Acolhido na melhor ambiência intelectual do Paris da Sobornne ali veio a fazer crescer frondosamente, dentro de si próprio, tudo quanto em si já levava em raízes e primeiros ramunsculos de uma árvore de vida, da Vida, a prometer frutos que solidariamente passará a vida a repartir.
Integra-se no grupo de Roland Barthes e, sob a sua orientação participa na actividade de um, vamos lhe chamar assim, Laboratório de Investigação da Semiótica. Nesta ambiência estimulante e profundamente estruturada na solidariedade e vivência, em grupo, dos que nela pensam, desenvolvem o pensar, se entreajudam a pensar cada vez melhor, produz um notabilíssimo estudo sobre Fernando Pessoa o qual, depois de "formatado" na estrutura da chamada Dissertação de Doutoramento, apresenta, em 1971, à École des Hautes Études de Paris sob o título «Analyse Structural et des Heteronymes de Fernando Pessoa: du Poémodrame au Poétodrame». O melhor da intelectualidade europeia e não só,  dedicada à época ao estudo de Pessoa abre a boca até às orelhas ... Foi considerado por muitos estudiosos de Pessoa a melhor e mais profunda e mais original investigação que alguma vez se tinha feito sobre o Poeta Pessoa e a Pessoa do Poeta Pessoa.

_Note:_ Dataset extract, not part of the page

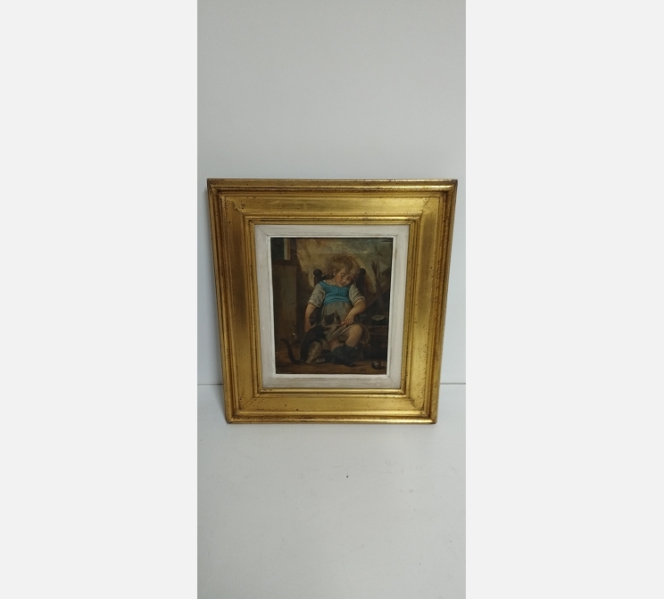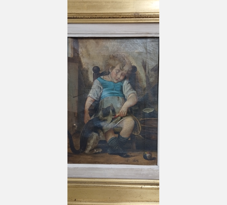 Peinture 'L'enfant dormant au chat voleur de pain' selon Léon Bazille Perrault.

A Sorbonne concede então a José Augusto Baptista Lopes Seabra o título de Doutor. Porém, e antes de ir mais adiante, não me posso permitir calar o que se segue: o conteúdo deste deslumbramento do pensar vem a ser traduzido para Português, para o grande público, e - vejam lá! -  publicado  pela Editora "Prespectiva, S/A", de S. Paulo-Brasil. Só 10 anos depois, apropriadamente licenciada, a "Imprensa Nacional Casa da Moeda" faz uma tiragem - de 2 mil exemplares, ouviram bem ? ... de 2 mil exemplares - comemorativa do centenário de Fernando Pessoa de que alguns, poucos, dos exemplares foram parar às livrarias. Tive sorte: comprei um deles  na Loja da Brasília da Bertrand, no Porto. O exemplar que possuo  era o único que a Bertrand tinha nas suas lojas nesta Cidade. Coitadito do portugalito que tanto génio deixa e vai continuar a deixar passar nas enxurradas da estupidez dos donismos do momento, das culturas do aparecer, da massa fácil subsidiodependente, pingona do cartãozinho de inscrito numa coisa qualquer lá entre eles, por fim de
quem diz "se a tinta e o tintol são meus é para ser feito como eu digo, mas sem ninguém a ouvir-me o que estou a dizer"... Tudo no vácuo inbecilizante que impede o crescimento, pela cultura, do Ser. Quem sou eu para me pôr com estas "elocubradelas"... . Porém é o próprio José Augusto que na "Apostila À Edição Portuguesa" - a da Imprensa Nacional - em 1988 - com o título de "Fernando Pessoa" ou o "Poétodrama" escreve: ... « ... mais de dez anos depois de circular, em letra impressa, com larga e feliz fortuna, pelo Brasil irmão»...... « ...... que à sua volta se tenha tecido além Atlântico uma rede de afinidades intelectuais - a dos "Amigos do Texto", de que falava Barthes -....... «deste lado de cá ela foi, "et pour cause", mais lassa e fragmentária; que alguns silêncios críticos tenham prolongado a interdição de citação, e até de nome, a que a censura longamente me habituara  - tudo isso é já outra história, que um dia, por certo, se escreverá, pois a História, essa, continua.»...(2) ... Atenção meu «numeroso» leitor, Seabra escreve isto em Paris, a 13 de Junho de 1988, ou seja, 14 anos, 1 mês e 19 dias depois do tão enxovalhado 25 de Abril, desde há tantos anos, por tanta gente, que dele se serviu, deixando  o povo português na míngua, na miséria da sua vida material e imaterial, da sua respiração democrática .  Tudo isto a serviço de Impérios já em falência técnica, dos gulaguismos ou das globalizações universais. Correntes ... correntes diversas, que não diferentes enquanto correntes que correm sempre para o mesmo lado.     "À bruta", ou "com pinças de relojoeiro", se logrou  substituir as Culturas do Ser pelas do nada ... as da imbecilização programada...até à inanidade da anodínia, da abulia ... . Se te levo aí, levo-te tudo!...O Ditador agora sou Eu... e tu nem sabes quem  sou EU e, muito menos, quem EU sou...  O José Augusto via, muito, muito  longe !!!...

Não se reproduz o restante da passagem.